第17章 証
三日月「月胡が良いようにしよう。
湯と手ぬぐいを用意するから、顔と身体を拭くといい。
緑を呼ぶか?」
『お願い。』
勝手に動いて、怪我しちゃいけない。
…て言うか、まだ動けないし。
相当、鈍ってる。
こんな事も出来なくなってるとは。
『情けない。』
緑「そんな事、ないです。
貴女は“人”なんですよ。
手入れでほいっと治りません。
頼ればいいんです、彼らを。
喜びますから。」
…確かに、喜んでくれる。
緑「普段できなかった事や、考える時間がなかった事が出来る機会です。
今まで走り続けてきたんですから。」
そうか…
少し止まって、これからの事や今までの事を考えるのには良いか。
長谷部「主。
これから足を動かしますね。
…触れても良いですか?」
『もちろん。
よろしくお願いします。』
長谷部「では、失礼して。」
長谷部がゆっくりと関節を回して、ほぐしてくれる。
少し痛いけど、身体の血が巡る感覚が心地いい。
リハビリ(と言うより、まだマッサージ)が終わると、忠光の食事…なんだけど。
燭台切「まだ、固形は食べられないよね。
まずは、重湯に近いお粥から始まるよ。
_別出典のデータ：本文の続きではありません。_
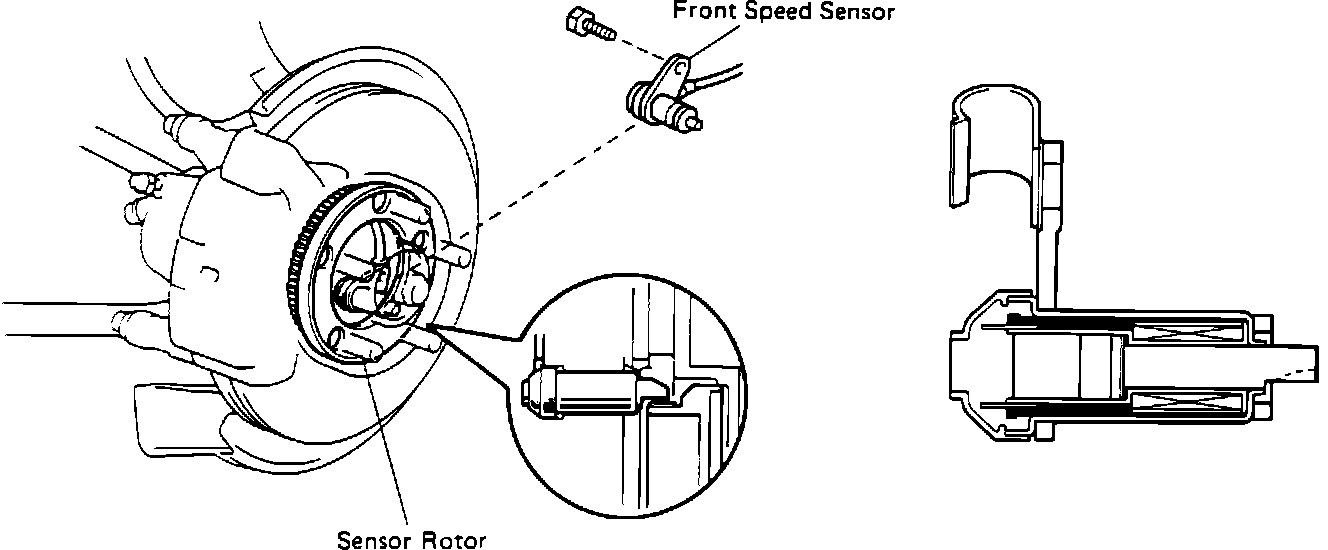 The sensor sends wheel speed information to the ABS computer where the speed signals are used to determine when anti-lock control is required. Each wheel speed sensor consists of a magnet surrounded by a coil of wire. Mounted next to each sensor is a toothed ring that rotates along with the front brake disc .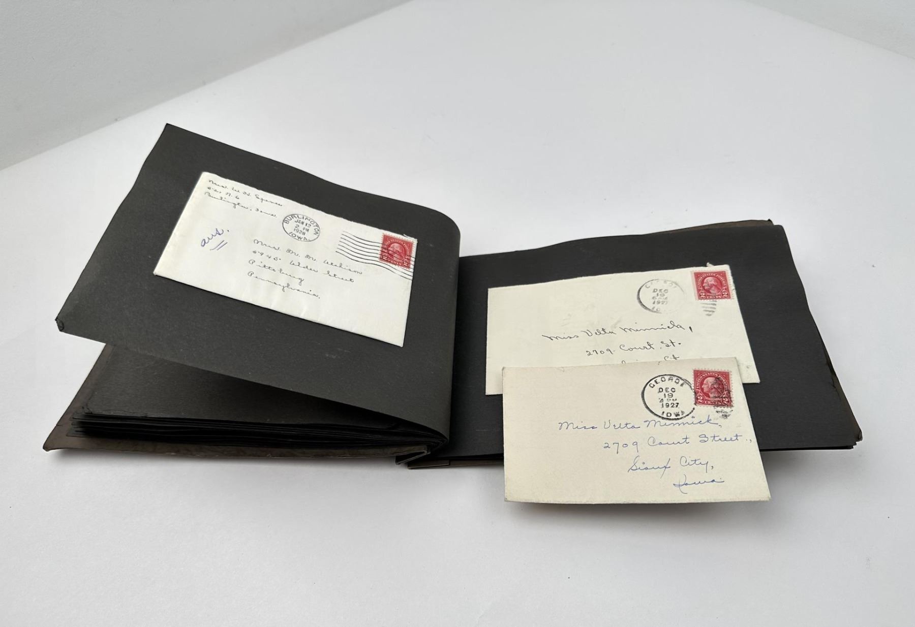 28 pages of memories gathered by a lady who lived in Iowa and mid-west. Primarily cards and correspondence.

」
『はい。』
みんなに頼って、任せちゃう。
食事が終わって、ベッドに座る。
少しでも身体を起こしておかないと、回復が遅れてしまう。
『宗近、少しだけ書類を見てもいい?』
三日月「いいぞ。
どの辺りのを持ってくればいい?」
『えっとね…』
だうやら、無理はしないと信じてもらえたようだ。
止められる事なく、書類を持ってきてくれた。
緑に言われた通り、色々と見つめ直したい。
…あ、その前に。
大切な事を忘れていた。
『宗近。
保護した彼らは落ち着いたんだね。』
三日月「あぁ。
内番を手伝ってくれている。」
『…呼んできてくれる?』
三日月「…大丈夫なんだな?」
『うん。』
この中途半端な状況は、良くない。
彼らも気になっているだろうし、行くにせよ・残るにせよ。
早く決めないと。
さてさて、どうなるかなぁ。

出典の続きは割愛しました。